Visiting Indigenous Communities Respectfully
Published Jul 3, 2026 · updated Jul 3, 2026
The anxious question is usually “am I allowed to be here at all?” Yes, in most cases. Indigenous towns across Mexico are living communities, not museums, and plenty of them welcome visitors who show up with some sense. The line you don’t want to cross isn’t about being present. It’s about treating people as scenery.
Start with the photo question
This is where most visitors mess up. A woman weaving in a Zapotec market in Oaxaca, a Tzotzil family outside the church in San Juan Chamula, a kid in traditional dress at a festival: all of them are people, not a photo op.
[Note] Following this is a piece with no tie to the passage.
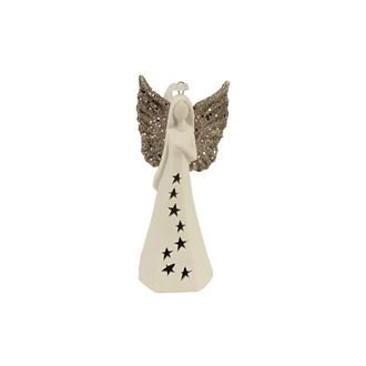 Dekorační anděl s LED osvětlením. Rozměry : 5,6 x 4,4 cm, výška 12,5 cm. Barva : kombinace bílá s champagne. Materiál : porcelán.

- Ask before you shoot anyone recognizable. A gesture toward your camera and a raised eyebrow works fine.
- In Chamula, inside the church, cameras are flatly forbidden. People have had phones confiscated and worse. Take it seriously.
- If someone asks for a few pesos to be photographed, that’s a fair trade, not a scam. Pay it or move on.
Buy the crafts, buy them right
The single best thing you can do is spend money directly with the people making things. A rug in Teotitlán del Valle, black pottery in San Bartolo Coyotepec, an embroidered blouse in the Chiapas highlands.
Here’s what a friend who lives here would tell you: don’t grind someone down over 30 pesos on a piece that took them a week. Bargaining is normal, but there’s a difference between negotiating and squeezing. Buy from the maker or a community cooperative rather than a reseller in the city, and more of the money stays where it should.
Community-run tourism beats the tour bus
Look for ecotourism and homestay projects the communities run themselves. Places like the Pueblos Mancomunados in Oaxaca’s Sierra Norte, or community lodges in the Lacandón jungle. You’ll pay a fair rate, sleep in a cabin, and the income goes back into the town instead of a chain hotel three states away.
Ask at the local tourism office or the community’s own office rather than booking through a big operator. It’s usually cheaper anyway.
Sacred ground doesn’t come with a sign
This is the part nobody posts rules for. Ceremonies, altars, cemeteries during Día de Muertos, offerings left on a hillside: treat them the way you’d treat a stranger’s funeral. Don’t step over offerings, don’t narrate loudly, don’t livestream someone praying.
If you’re invited to observe something, that’s a gift. Sit quietly, follow the lead of the people around you, and don’t turn it into content. When in doubt, put the phone away and just be there.